● Your assignment
If pictures appear in the lines below, skip them and copy exactly the lines from the one containing "松瀬 衣里加さんを姓名の画数から五運を鑑定" through the one containing "Kabelka je vyrobena", and nothing else.

====== Supplied data

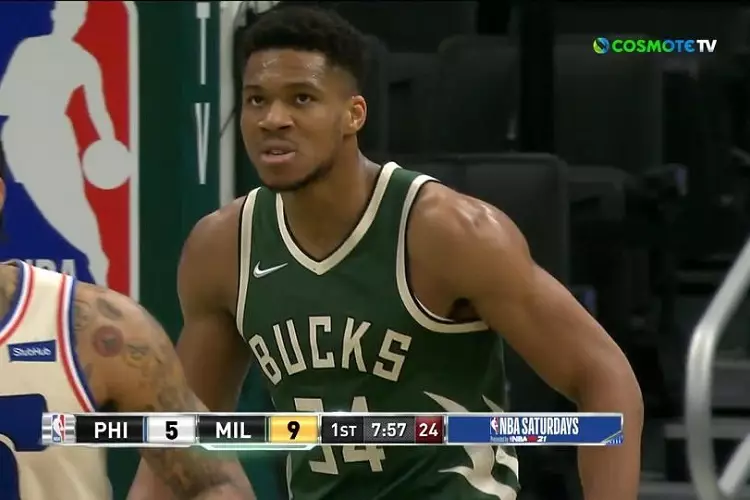 Ο Γιάννης Αντετοκούνμπο έκλεψε τη μπάλα από την άμυνα και μας χάρισε ένα πολύ όμορφο κάρφωμα, στο παιχνίδι με τους 76ers.
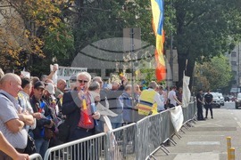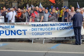 Букурещ (26 септември 2024) Около 200 души от Федерацията на синдикатите на железопътните превозвачи от Румъния се събраха на протестен митинг пред сградата на Министерството на труда и социалната солидарност в Букурещ. Недоволните развяваха знаме на Румъния с дупка по средата (символ на румънската революция) и плакати с надпис “Долу правителството” и “Слагаме точка на националните предателсвта, на разрушаването на икономиката, на корупцията”, “Това сме ние и се борим и за вас”.
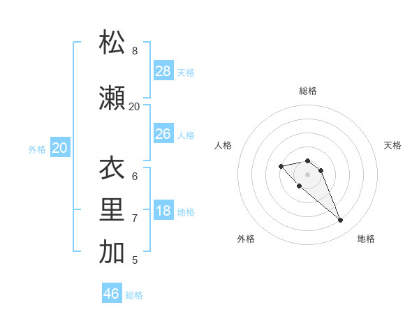 松瀬 衣里加さんを姓名の画数から五運を鑑定
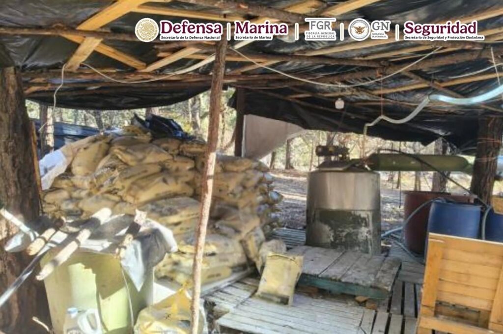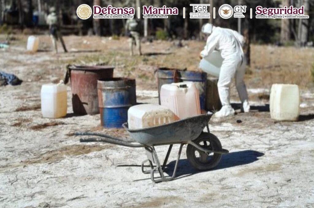 En una acción paralela, en el estado de Durango, personal de las fuerzas federales localizó e inhabilitó un laboratorio clandestino utilizado para la elaboración de drogas sintéticas, ubicado a aproximadamente 10 kilómetros del municipio de Tepehuanes. En el sitio fueron asegurados cuatro reactores, 12 destiladores, ollas, bidones, 250 bultos de sosa cáustica, galones con tolueno, diversas sustancias químicas, así como utensilios de trabajo y maquinaria especializada.
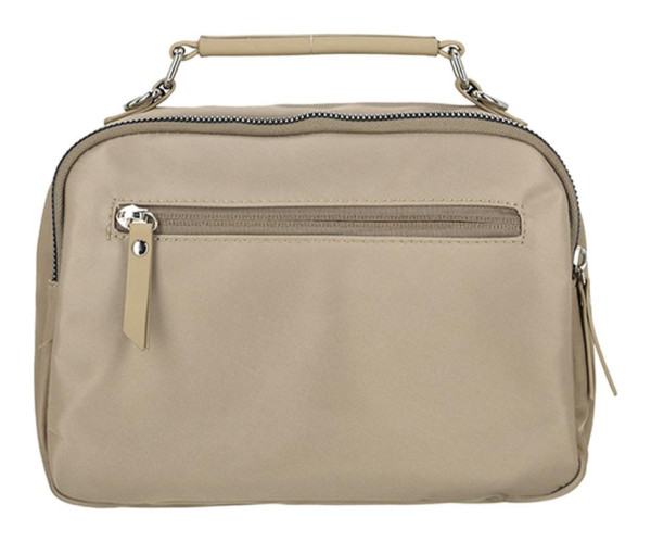 Kabelka je vyrobena z odolné a zároveň velmi lehké kombinace nylonu a polyesteru, je tak připravena na nástrahy každodenního nošení a snadno se udržuje. Její minimalistický design v elegantním pískovém odstínu se hodí ke každému outfitu. Díky kompaktní velikosti vás nebude nijak zatěžovat, přesto nabízí chytře řešený vnitřní prostor, který pojme všechny vaše nezbytnosti.
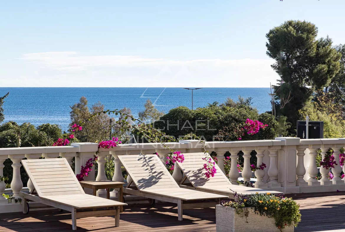 Aux portes de Super Cannes, cette villa de plus de 200 m² offre une vue mer panoramique dans un jardin paysager et fleuri de 1 237 m² aux essences exotiques.
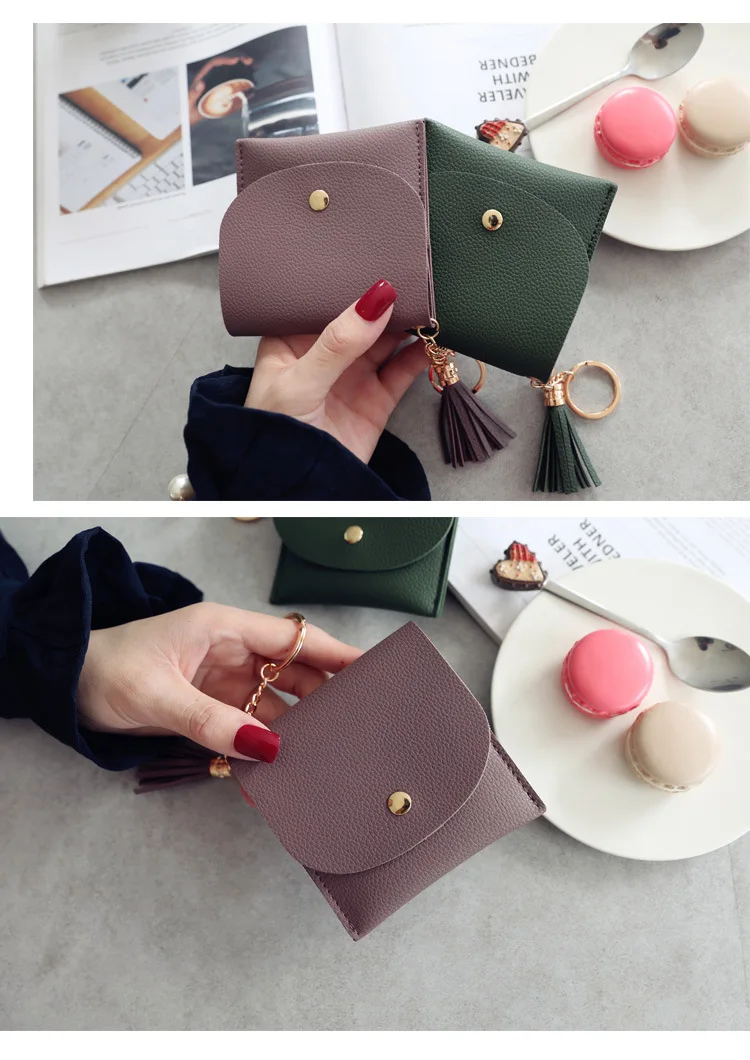 Кошелек для монет, женские кошельки, женский клатч из искусственной кожи с кисточкой и металлическим кольцом, брелок, тонкая сумка для ключей, держатели для карт, мини-сумка

============

● Exercise result
 松瀬 衣里加さんを姓名の画数から五運を鑑定
 En una acción paralela, en el estado de Durango, personal de las fuerzas federales localizó e inhabilitó un laboratorio clandestino utilizado para la elaboración de drogas sintéticas, ubicado a aproximadamente 10 kilómetros del municipio de Tepehuanes. En el sitio fueron asegurados cuatro reactores, 12 destiladores, ollas, bidones, 250 bultos de sosa cáustica, galones con tolueno, diversas sustancias químicas, así como utensilios de trabajo y maquinaria especializada.
 Kabelka je vyrobena z odolné a zároveň velmi lehké kombinace nylonu a polyesteru, je tak připravena na nástrahy každodenního nošení a snadno se udržuje. Její minimalistický design v elegantním pískovém odstínu se hodí ke každému outfitu. Díky kompaktní velikosti vás nebude nijak zatěžovat, přesto nabízí chytře řešený vnitřní prostor, který pojme všechny vaše nezbytnosti.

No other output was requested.